▶ _INSTRUCTIONS TO FOLLOW_:
Copy all lines below exactly as written. Leave pictures out.

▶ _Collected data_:

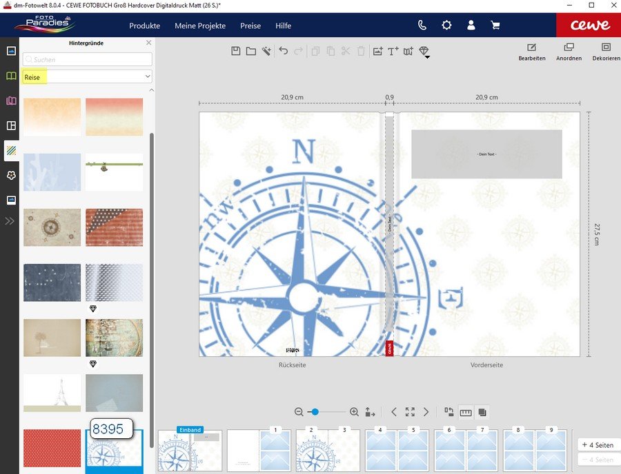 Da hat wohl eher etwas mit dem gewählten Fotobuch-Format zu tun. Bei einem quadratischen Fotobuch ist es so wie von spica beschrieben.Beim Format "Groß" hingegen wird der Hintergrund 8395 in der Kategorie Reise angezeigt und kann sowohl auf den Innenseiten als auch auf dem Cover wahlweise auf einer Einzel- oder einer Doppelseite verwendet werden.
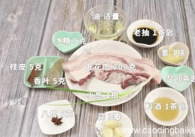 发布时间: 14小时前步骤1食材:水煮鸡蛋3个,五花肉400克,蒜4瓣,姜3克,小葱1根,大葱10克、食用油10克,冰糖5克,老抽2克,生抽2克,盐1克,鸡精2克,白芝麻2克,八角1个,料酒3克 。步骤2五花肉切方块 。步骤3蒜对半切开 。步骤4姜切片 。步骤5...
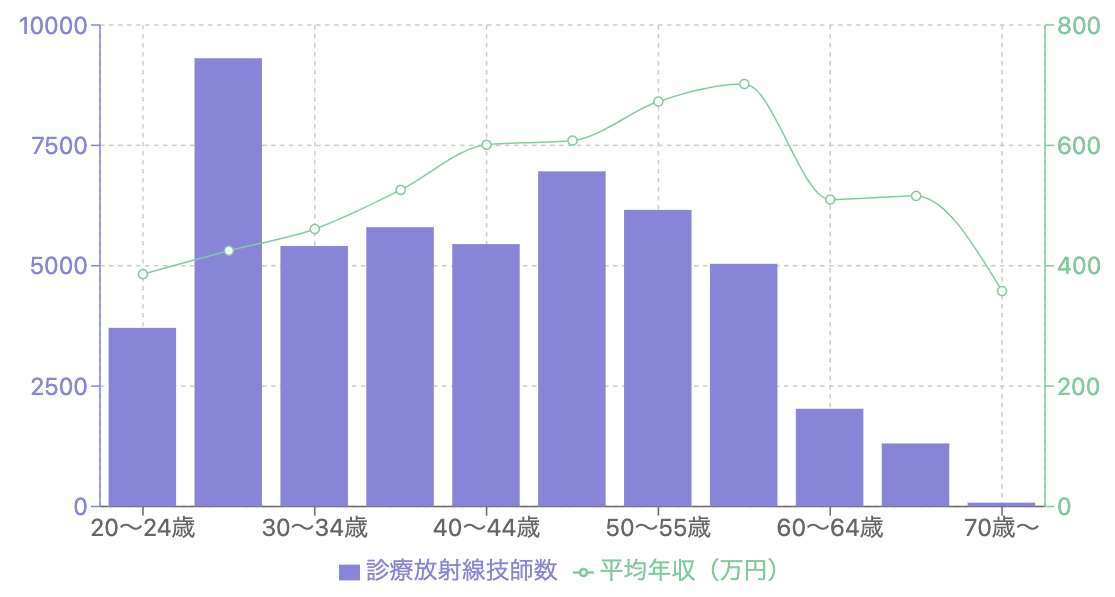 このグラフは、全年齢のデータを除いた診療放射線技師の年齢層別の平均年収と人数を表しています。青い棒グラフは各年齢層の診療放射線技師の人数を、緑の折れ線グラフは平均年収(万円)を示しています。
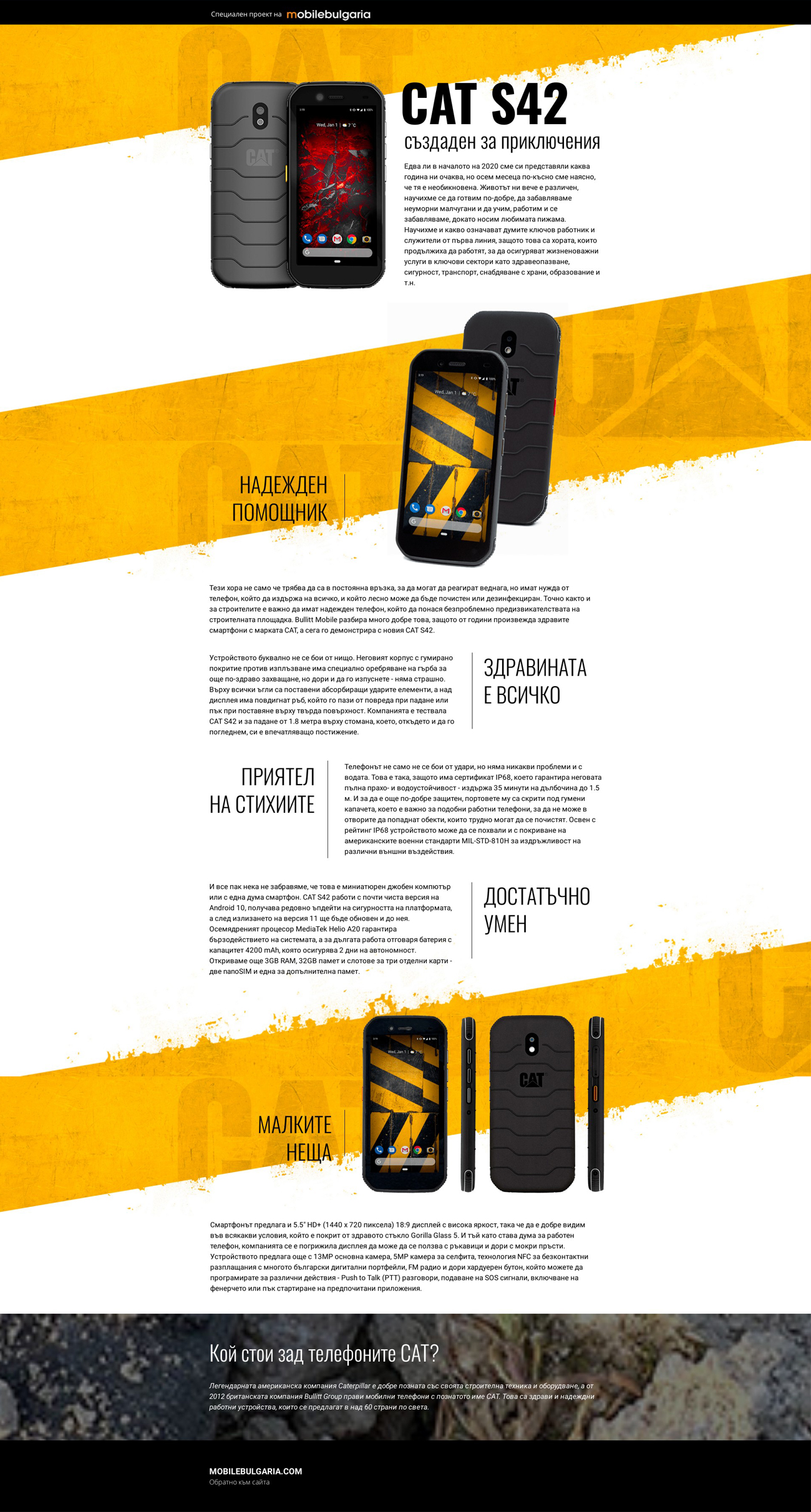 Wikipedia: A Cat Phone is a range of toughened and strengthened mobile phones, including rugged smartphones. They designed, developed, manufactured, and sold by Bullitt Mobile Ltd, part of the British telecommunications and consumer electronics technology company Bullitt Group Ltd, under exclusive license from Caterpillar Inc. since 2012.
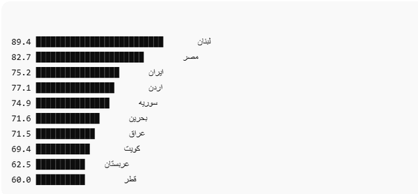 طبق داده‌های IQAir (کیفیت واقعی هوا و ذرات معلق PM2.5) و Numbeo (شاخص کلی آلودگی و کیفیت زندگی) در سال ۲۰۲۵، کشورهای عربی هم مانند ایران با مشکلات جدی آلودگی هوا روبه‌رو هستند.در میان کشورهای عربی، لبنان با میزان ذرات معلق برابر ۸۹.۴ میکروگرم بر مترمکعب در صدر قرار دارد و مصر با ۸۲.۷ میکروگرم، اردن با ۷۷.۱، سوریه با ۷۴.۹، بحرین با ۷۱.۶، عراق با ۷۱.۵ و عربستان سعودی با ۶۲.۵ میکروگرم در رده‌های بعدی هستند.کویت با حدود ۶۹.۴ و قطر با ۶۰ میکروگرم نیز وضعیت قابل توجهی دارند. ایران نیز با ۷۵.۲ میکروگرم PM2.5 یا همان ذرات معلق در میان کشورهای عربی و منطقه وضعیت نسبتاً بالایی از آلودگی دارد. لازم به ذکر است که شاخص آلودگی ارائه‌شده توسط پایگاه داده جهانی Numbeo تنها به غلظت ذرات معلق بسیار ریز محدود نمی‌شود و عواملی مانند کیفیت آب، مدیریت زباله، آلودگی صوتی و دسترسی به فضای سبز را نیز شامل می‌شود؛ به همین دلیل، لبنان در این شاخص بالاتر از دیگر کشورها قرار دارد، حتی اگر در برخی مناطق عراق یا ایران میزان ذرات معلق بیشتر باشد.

▶ _EXERCISE ANSWER_:
 Da hat wohl eher etwas mit dem gewählten Fotobuch-Format zu tun. Bei einem quadratischen Fotobuch ist es so wie von spica beschrieben.Beim Format "Groß" hingegen wird der Hintergrund 8395 in der Kategorie Reise angezeigt und kann sowohl auf den Innenseiten als auch auf dem Cover wahlweise auf einer Einzel- oder einer Doppelseite verwendet werden.
 发布时间: 14小时前步骤1食材:水煮鸡蛋3个,五花肉400克,蒜4瓣,姜3克,小葱1根,大葱10克、食用油10克,冰糖5克,老抽2克,生抽2克,盐1克,鸡精2克,白芝麻2克,八角1个,料酒3克 。步骤2五花肉切方块 。步骤3蒜对半切开 。步骤4姜切片 。步骤5...
 このグラフは、全年齢のデータを除いた診療放射線技師の年齢層別の平均年収と人数を表しています。青い棒グラフは各年齢層の診療放射線技師の人数を、緑の折れ線グラフは平均年収(万円)を示しています。
 Wikipedia: A Cat Phone is a range of toughened and strengthened mobile phones, including rugged smartphones. They designed, developed, manufactured, and sold by Bullitt Mobile Ltd, part of the British telecommunications and consumer electronics technology company Bullitt Group Ltd, under exclusive license from Caterpillar Inc. since 2012.
 طبق داده‌های IQAir (کیفیت واقعی هوا و ذرات معلق PM2.5) و Numbeo (شاخص کلی آلودگی و کیفیت زندگی) در سال ۲۰۲۵، کشورهای عربی هم مانند ایران با مشکلات جدی آلودگی هوا روبه‌رو هستند.در میان کشورهای عربی، لبنان با میزان ذرات معلق برابر ۸۹.۴ میکروگرم بر مترمکعب در صدر قرار دارد و مصر با ۸۲.۷ میکروگرم، اردن با ۷۷.۱، سوریه با ۷۴.۹، بحرین با ۷۱.۶، عراق با ۷۱.۵ و عربستان سعودی با ۶۲.۵ میکروگرم در رده‌های بعدی هستند.کویت با حدود ۶۹.۴ و قطر با ۶۰ میکروگرم نیز وضعیت قابل توجهی دارند. ایران نیز با ۷۵.۲ میکروگرم PM2.5 یا همان ذرات معلق در میان کشورهای عربی و منطقه وضعیت نسبتاً بالایی از آلودگی دارد. لازم به ذکر است که شاخص آلودگی ارائه‌شده توسط پایگاه داده جهانی Numbeo تنها به غلظت ذرات معلق بسیار ریز محدود نمی‌شود و عواملی مانند کیفیت آب، مدیریت زباله، آلودگی صوتی و دسترسی به فضای سبز را نیز شامل می‌شود؛ به همین دلیل، لبنان در این شاخص بالاتر از دیگر کشورها قرار دارد، حتی اگر در برخی مناطق عراق یا ایران میزان ذرات معلق بیشتر باشد.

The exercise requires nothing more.